Clinical Trials Search
Clinical Trial 18772
Cancer Type: Malignant Hematology
Interventions:AMP-514 (Durvalumab); Durvalumab; MEDI4736 (Durvalumab); azacitidine (5-azacitidine)
Study Type: Treatment
Phase of Study: Phase II
A Randomized Multicenter, Open-label, Phase 2 Study Evaluating the Efficacy and Safety of Azacitidine Subcutaneous in Combination With Durvalumab (MEDI4736) in Previously Untreated Subjects with Higher-Risk Myelodysplastic Syndromes (MDS) or in Elderly (>= 65 years) Acute Myeloid Leukemia (AML) Subjects Not Eligible for Hematopoietic Stem Cell Transplantation (HSCT)
The purpose of this study is to look at the safety and effectiveness of the addition of a study drug (durvalumab, also referenced as MEDI4736), to the standard of care treatment azacitidine.
Primary Objective: Efficacy: - Evaluate the efficacy of subcutaneous (sc) azacitidine in combination with durvalumab as compared with subcutaneous azacitidine alone in the defined study population.
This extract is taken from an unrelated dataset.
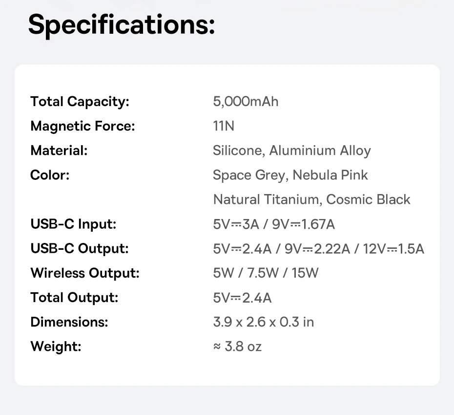 • Output Interface: USB-Type C,Wireless Charger

Secondary Objectives: Safety: - Assess the safety and tolerability of subcutaneous (sc) azacitidine in combination with durvalumab compared with subcutaneous azacitidine alone in the defined study population. Pharmacokinetics: - To assess the pharmacokinetics (PK) of durvalumab when given in combination with subcutaneous azacitidine in the defined study population.